Something like that could run in the browser or Facebook could even allow you to host your algorithm in a sandbox on their servers if that helps performance. (Which means you trust them to actually run it, but you have to trust them on some basic things if you're going to use their service at all.)

In other words, changing the acoustics of the echo chamber doesn't mean you need to be the one implementing a big chunk of the system. You just need a way to exert control over the part you want to customize.


RSS is yet another example of separating content from presentation.


I don't see this as a bad thing. I experience this as a good thing.

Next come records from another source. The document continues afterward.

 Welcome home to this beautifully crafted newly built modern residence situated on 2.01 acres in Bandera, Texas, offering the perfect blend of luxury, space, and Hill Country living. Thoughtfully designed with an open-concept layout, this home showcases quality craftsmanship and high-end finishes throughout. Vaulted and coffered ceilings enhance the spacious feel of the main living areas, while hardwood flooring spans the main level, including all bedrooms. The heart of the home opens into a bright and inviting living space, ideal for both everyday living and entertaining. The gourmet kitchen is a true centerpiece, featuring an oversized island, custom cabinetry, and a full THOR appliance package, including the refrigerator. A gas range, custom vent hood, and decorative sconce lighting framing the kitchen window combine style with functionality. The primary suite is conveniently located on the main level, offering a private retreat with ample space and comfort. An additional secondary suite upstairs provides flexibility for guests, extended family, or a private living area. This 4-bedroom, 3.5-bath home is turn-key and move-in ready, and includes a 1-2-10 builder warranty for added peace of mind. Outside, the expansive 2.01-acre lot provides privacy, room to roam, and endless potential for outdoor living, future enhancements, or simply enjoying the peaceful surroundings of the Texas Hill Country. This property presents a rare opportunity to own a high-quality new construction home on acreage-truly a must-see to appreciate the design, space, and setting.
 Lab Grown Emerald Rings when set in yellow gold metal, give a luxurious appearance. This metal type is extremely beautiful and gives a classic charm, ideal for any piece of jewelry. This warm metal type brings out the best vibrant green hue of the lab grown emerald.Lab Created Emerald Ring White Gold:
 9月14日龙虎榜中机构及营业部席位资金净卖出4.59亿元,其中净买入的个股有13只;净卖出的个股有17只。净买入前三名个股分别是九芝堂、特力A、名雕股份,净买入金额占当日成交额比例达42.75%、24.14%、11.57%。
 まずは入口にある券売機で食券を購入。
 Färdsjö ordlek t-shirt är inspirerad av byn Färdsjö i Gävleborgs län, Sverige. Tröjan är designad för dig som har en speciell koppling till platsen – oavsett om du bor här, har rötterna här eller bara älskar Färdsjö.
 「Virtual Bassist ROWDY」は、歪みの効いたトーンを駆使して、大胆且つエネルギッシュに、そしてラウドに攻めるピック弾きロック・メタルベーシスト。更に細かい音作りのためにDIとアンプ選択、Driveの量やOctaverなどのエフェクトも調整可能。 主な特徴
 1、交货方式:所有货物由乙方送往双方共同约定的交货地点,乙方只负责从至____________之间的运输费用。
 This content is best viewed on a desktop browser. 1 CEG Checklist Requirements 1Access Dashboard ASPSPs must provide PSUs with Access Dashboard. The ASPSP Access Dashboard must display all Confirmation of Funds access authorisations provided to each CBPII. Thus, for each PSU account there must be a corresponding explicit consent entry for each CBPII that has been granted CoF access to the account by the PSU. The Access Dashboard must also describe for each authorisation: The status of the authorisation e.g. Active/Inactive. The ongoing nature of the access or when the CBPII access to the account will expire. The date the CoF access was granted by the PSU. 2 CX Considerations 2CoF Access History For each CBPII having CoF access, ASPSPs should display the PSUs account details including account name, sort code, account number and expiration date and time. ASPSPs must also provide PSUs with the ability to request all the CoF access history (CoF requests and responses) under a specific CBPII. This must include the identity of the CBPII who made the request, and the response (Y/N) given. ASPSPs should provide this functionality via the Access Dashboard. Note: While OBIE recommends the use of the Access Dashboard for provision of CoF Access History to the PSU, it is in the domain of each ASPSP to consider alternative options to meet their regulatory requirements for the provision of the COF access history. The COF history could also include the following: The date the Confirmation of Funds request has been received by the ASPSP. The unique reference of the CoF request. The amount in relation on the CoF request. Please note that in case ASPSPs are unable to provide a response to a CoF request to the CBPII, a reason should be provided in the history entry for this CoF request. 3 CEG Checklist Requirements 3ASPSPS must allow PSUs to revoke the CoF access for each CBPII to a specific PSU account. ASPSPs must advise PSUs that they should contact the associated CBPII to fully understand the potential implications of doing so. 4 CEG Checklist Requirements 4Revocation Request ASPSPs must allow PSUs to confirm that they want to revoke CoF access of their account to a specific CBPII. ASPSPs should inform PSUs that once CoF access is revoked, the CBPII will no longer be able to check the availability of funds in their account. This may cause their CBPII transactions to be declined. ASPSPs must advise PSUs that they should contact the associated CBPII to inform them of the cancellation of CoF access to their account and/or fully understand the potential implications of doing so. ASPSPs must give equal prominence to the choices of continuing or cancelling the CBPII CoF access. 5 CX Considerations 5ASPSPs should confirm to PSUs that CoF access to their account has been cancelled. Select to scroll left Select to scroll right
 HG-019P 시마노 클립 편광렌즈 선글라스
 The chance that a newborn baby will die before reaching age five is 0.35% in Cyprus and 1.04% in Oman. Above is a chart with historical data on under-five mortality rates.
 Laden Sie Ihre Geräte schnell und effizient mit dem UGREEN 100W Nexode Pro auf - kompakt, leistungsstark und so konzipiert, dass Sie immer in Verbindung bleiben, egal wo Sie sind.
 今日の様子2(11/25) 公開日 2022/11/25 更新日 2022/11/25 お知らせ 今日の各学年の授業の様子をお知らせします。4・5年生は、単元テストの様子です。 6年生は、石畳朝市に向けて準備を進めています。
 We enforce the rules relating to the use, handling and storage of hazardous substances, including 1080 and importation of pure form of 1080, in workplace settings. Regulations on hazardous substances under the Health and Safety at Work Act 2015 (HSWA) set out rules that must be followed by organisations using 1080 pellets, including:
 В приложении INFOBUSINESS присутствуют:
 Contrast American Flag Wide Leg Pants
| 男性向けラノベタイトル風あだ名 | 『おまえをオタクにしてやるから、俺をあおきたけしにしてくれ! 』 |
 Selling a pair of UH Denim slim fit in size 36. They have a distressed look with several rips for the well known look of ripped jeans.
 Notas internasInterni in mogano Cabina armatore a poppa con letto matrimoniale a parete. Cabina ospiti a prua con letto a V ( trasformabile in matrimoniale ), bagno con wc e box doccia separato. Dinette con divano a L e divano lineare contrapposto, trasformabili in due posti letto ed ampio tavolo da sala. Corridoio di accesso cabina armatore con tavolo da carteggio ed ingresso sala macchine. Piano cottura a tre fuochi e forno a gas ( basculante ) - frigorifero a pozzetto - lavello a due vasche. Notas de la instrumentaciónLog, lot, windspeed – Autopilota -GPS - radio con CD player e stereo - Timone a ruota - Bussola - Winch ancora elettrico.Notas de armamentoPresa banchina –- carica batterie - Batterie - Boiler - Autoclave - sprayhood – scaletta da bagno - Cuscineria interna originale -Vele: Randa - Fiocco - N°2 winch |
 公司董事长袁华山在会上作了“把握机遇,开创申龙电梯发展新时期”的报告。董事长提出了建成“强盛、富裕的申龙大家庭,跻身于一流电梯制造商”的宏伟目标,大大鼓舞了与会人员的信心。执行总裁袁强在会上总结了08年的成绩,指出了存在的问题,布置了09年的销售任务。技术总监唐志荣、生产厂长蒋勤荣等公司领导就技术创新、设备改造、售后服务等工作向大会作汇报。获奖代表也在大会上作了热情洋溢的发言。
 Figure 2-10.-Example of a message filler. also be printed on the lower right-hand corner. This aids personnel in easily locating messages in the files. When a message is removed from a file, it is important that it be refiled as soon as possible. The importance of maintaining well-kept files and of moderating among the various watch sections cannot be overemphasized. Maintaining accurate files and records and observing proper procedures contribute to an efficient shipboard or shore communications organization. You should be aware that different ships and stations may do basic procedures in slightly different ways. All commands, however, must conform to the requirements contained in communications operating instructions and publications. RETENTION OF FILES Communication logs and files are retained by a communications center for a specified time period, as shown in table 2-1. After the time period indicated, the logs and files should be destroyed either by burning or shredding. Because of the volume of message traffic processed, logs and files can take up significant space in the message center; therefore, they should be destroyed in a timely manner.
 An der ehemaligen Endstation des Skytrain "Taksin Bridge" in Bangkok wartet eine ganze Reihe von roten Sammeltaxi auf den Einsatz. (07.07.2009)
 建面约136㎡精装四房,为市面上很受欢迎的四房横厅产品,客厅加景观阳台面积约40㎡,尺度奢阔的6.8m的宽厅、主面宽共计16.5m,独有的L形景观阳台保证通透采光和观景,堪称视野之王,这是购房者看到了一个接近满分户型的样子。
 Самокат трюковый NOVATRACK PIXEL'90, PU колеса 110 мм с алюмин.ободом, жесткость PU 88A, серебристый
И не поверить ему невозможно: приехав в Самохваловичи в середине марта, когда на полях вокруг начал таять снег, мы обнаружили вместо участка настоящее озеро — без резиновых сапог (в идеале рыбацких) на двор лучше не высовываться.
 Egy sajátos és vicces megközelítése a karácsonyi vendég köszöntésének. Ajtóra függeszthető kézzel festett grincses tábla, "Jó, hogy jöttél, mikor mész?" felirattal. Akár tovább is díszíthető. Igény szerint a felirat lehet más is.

The RSS feeds I subscribe to give me plenty of "presentation" or "branding". Logos, written descriptions [both short- and long-form], clear names of what I am subscribing to, URLs. Just the right amount for me, in fact; if I wanted to go to their website(s) for their particular buffet of blog posts, featured puff pieces on Page Five, twitter mentions, &c I can do that ... or not. I'm glad I don't have to if I don't want to, and all of these folks are more than able to drop into their RSS feed a "Please go here for our tour information with new stuff in our online shop" mention just as you are able to go straight to some website full of deep-thumping media flashing into your senses as you get to where you want to go instead of using RSS.


Agreed completely. RSS is an example of what content–presentation separation could be if we made it more prevalent across the web.

There seems to be a steady thread of this sentiment here on HN, yet over the years no one has quite cracked this nut. Solutions welcome!